Immunohistochemical Staining of the Decalcified Paraffin Sections

To further confirm the osteogenic differentiation around the external implants, the expression of osteogenic markers, including osteoprotegerin (OPG) and osteocalcin (OC), was detected by immunohistochemical staining. The results were shown in Figure 10. The black arrow represented positive expression of OPG and OC, new bone was observed in the marrow cavity surrounded by the implant, and columnar arrangement osteoblasts were found. .

FIGURE 10

FIGURE 10. The expressions of osteogenic markers. Paraffin sections of bone samples 21 days after the external cap implant grafted, and the expressions of osteogenic markers including Osteoprotegerin (OPG) and Osteocalcin (OC) were detected by immunohistochemical staining. The black arrows indicated positive expression in the columnar osteoblasts arranged in a palisade.

Immunohistochemical staining was used to detect the expression of Bone Marrow Stromal Cells (BMSCs) markers CD45 and CD90 and their chemokine CXCR4 in the bone tissue surrounded by the external implants, as shown in Figure 11. The red arrow indicated the endosteum in the medullary cavity at the implant contact area. The expression of CD45 was negative, CD90 was positive, and CXCR4 was positively expressed. The black arrows indicated positive expression in bone stroma.

FIGURE 11

FIGURE 11. The expressions of BMSCs markers. The paraffin sections of bone samples 21 days after the external cap implant grafted, and the expressions of BMSCs markers (CD45, CD90) chemokines CXCR4 were detected by immunohistochemical staining. The brown-yellow particles indicated the positive expression. The expression of CD45 was negative and that of CD90 was positive, while the expressions of BMSCs chemokines CXCR4 were also positively expressed.

Immunohistochemical staining was used to detect the expression of integrin β1 in the bone tissue surrounded by the external implants, as shown in Figure 12. The brown-yellow particles indicated positive expression of integrin β1.

FIGURE 12

FIGURE 12. The expressions of integrin β1. The paraffin sections of bone samples 21 days after the external cap implants grafted, and the expression of integrin β1 was detected by immunohistochemical staining. The brown-yellow particles indicated the positive expression of integrin β1.

Discussion

Design Concept of the External OI Implant and Surgical Method

The long-term maintenance of the bone-anchored prostheses is challenging due to the risk of mechanical failures and deep infections (Li and Fellander-Tsai 2021). Previous efforts were mainly focused on improving the osseointegration efficiency by the modification of implant surface morphology, changing of implant materials, or improving surgical methods (Overmann and Forsberg 2020). Our 3D finite element analysis revealed that the two maximal stress areas in the screw-type implant system located proximally to the BIC and the connecting rod to external prostheses. Such a biomechanical profile well explained the frequently reported complications such as distal bone resorption around the bone-implant-skin opening and the deformity/fractures at the connecting components for the currently used OI systems (Figures 4E–H).

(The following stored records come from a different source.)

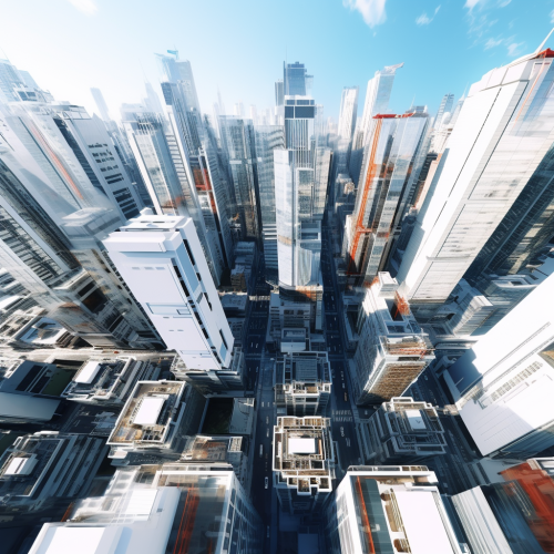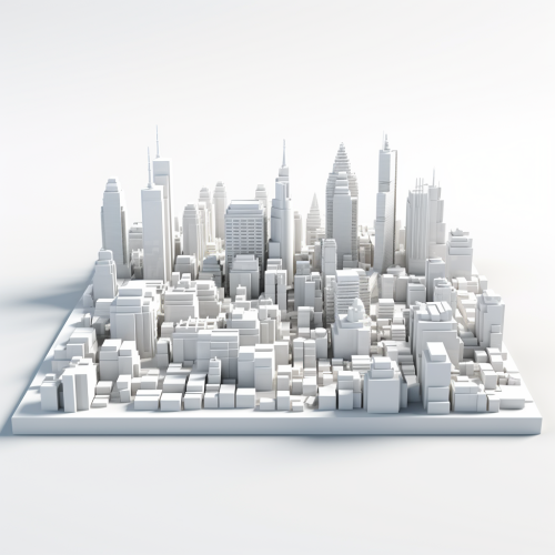 city skyline 3d white miniature view front top down view 4k 1920x1080
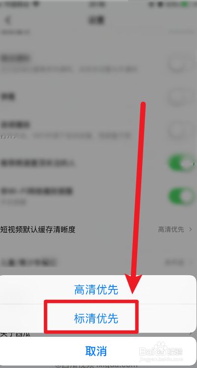 然后选择【标清优先】选项,降低西瓜视频缓存的画质,节流西瓜视频缓存的流量。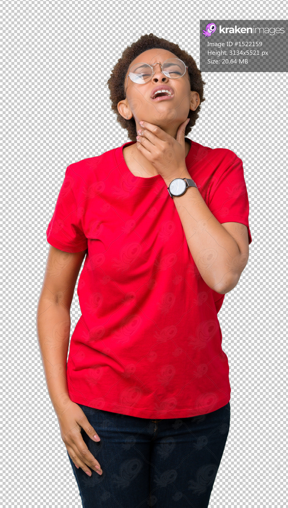 Beautiful young african american woman wearing glasses over isolated background Touching painful neck, sore throat for flu, clod and infection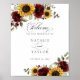 Sunflowers Burgundy Greenery Wedding Welcome Sign. Floral Burgundy Wedding Ceremony Reception Welcome Sign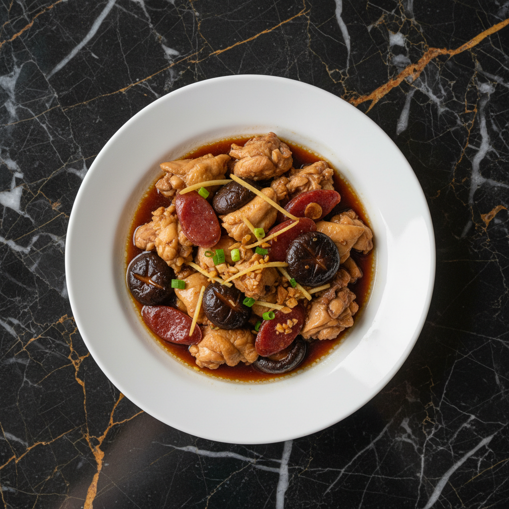 A comforting and classic Cantonese home-style dish, this steamed chicken with mushrooms is known for its tender, juicy chicken and savory, umami-rich gravy. The combination of chicken, rehydrated shiitake mushrooms, and often Chinese sausage, infused with aromatics like ginger and garlic, makes for a deeply flavorful and satisfying meal, typically served with rice.
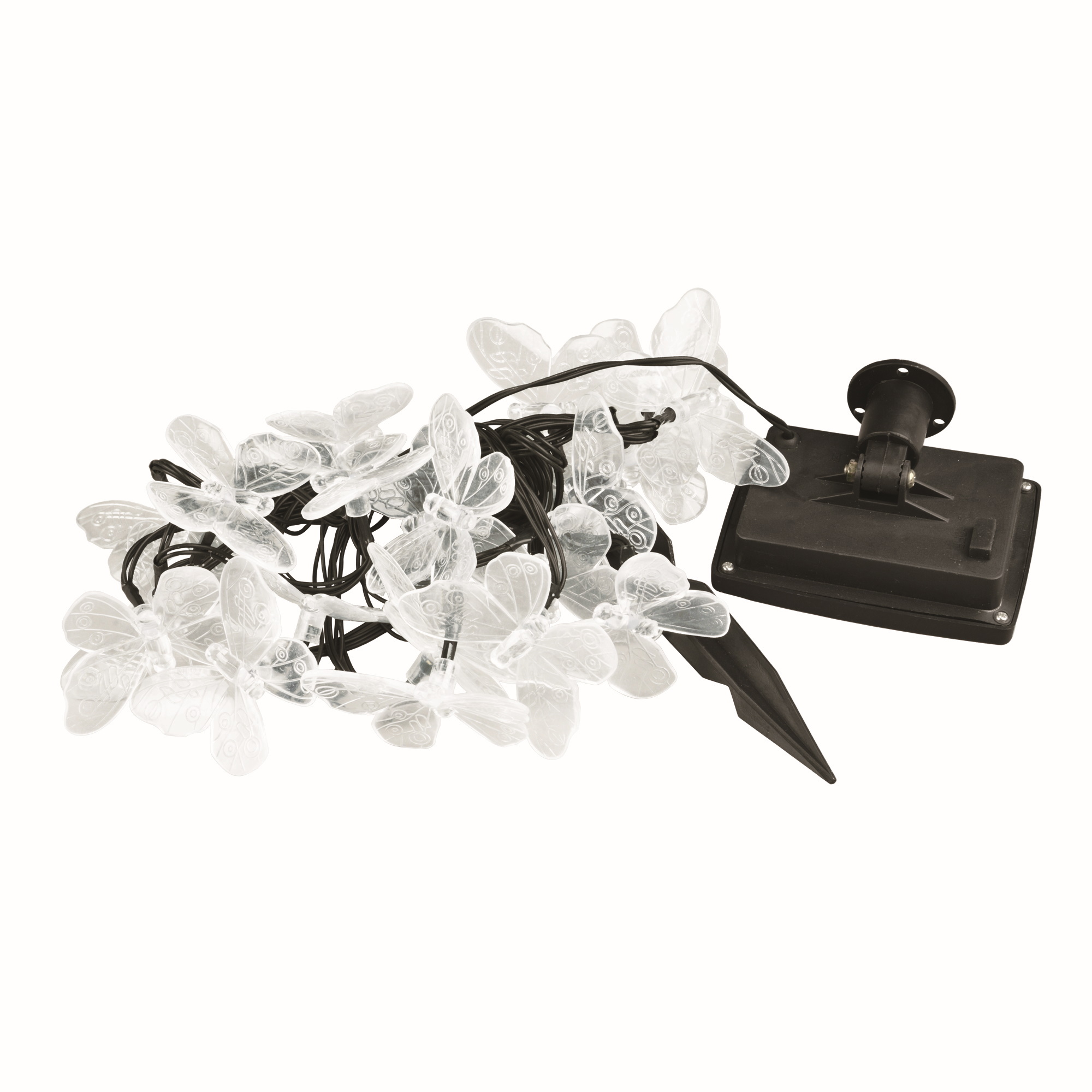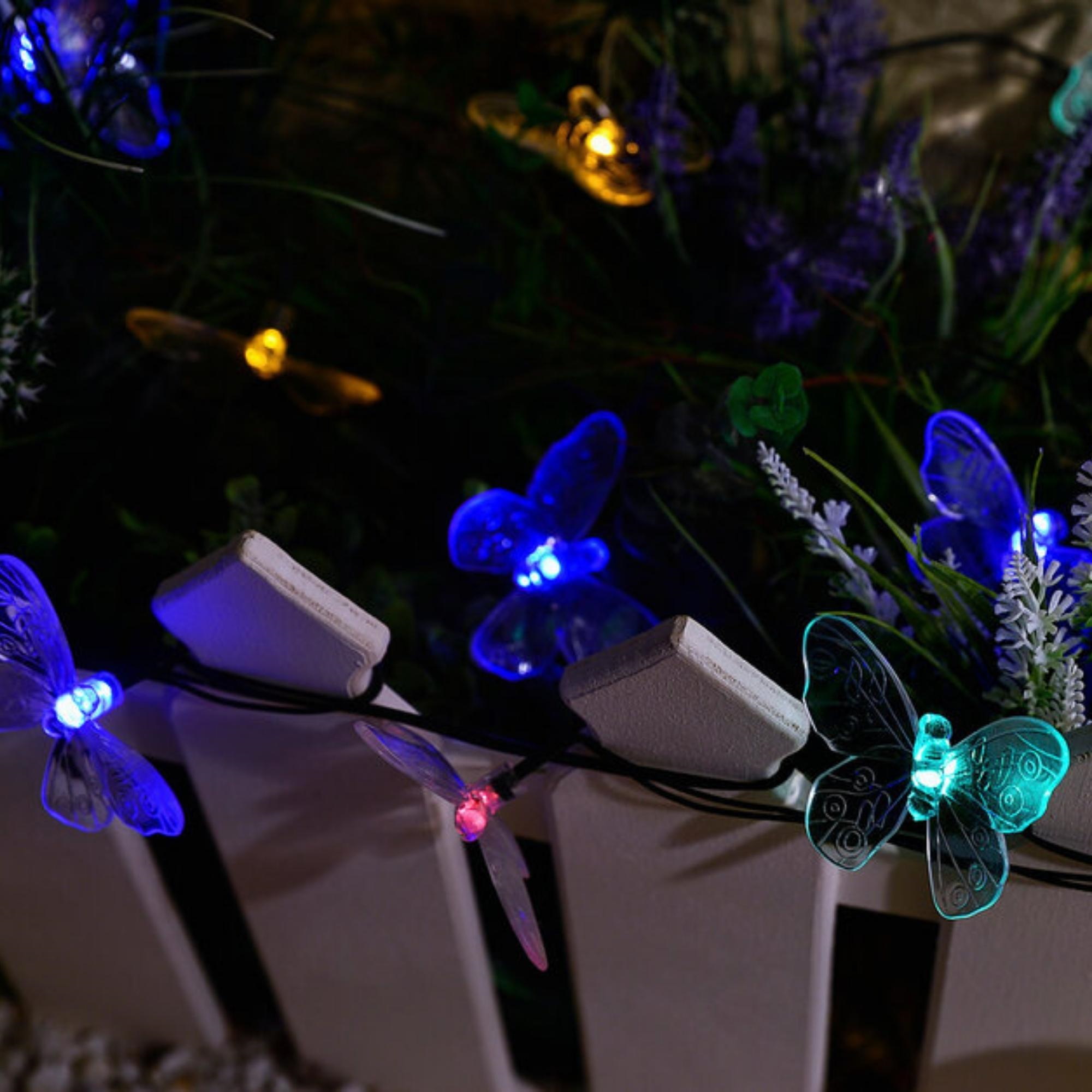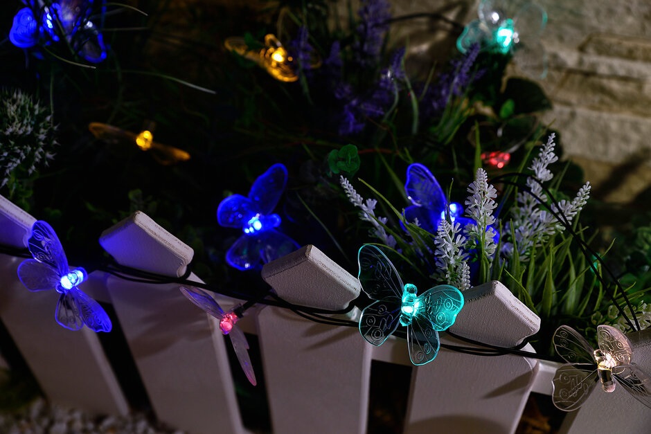 Садовая гирлянда на солнечной батарее «Бабочки» USL-S-129/PT4000 BUTTERFLIES предназначена для декоративной подсветки сада — деревьев, беседок и композиций на участке. Комплект представляет собой общий направляющий провод с присоединенными к нему светильниками в виде бабочек. Солнечная панель устанавливается в землю с помощью колышка (в комплекте). В гирлянде используются светодиоды (20 шт). Два режима свечения: постоянное и мигание, цвет свечения — разноцветный (красный, желтый, зеленый, синий). Гирлянда предназначена для уличной подсветки, диапазон рабочих температур - от -20 до +35 °С. Корпус каждого светильника изготовлен из прозрачного пластика, степень пылевлагозащиты IP44. Гирлянда дополнит ландшафтный дизайн и станет украшением на праздник. Подключение к электросети не требуется. Встроенный аккумулятор 400 мАч, заряжается в светлое время суток с помощью солнечной панели. Полностью заряженный аккумулятор обеспечивает свечение до 8 часов. Удобный выключатель расположен на батарейном блоке. Длина гирлянды 4 м, длина провода 2 м. Габариты изделия - ДхШхВ 4000х70х40 мм. Общий вес комплекта 457 г. Гарантия - полгода. Срок службы гирлянды - 30 000 часов.

Unlike the intraoral and craniofacial osseointegration, the structure characters of the residual limb make the application of OI implant surrounding the bone ending possible. Our 3D finite element analysis indicated that the external application of implant not only closed the bone canal but also changed the stress-loading character of the system. The maximal stress was around the proximal bone-implant junction where the skin opening located (Figure 4C). We suppose that the local stress might induce bone hypertrophy at the implant-bone-skin interface, in favor of bacteria prevention under long-term prosthetic usage. However, it is unclear whether this stress pattern might also increase fracture risk around the bone-implant junction.

As shown in our study, the diameters of the external implants were significantly larger than the internal implants (7, 8, and 9 mm for the external implants and 3, 4, and 5 mm for the internal implants). With the same implant length, the external implant had therefore larger BIC surface for osseointegration and might contribute to implant stability. The external OI implant can also be directly connected to the external prostheses, which avoid the usage of connecting components and the related complications.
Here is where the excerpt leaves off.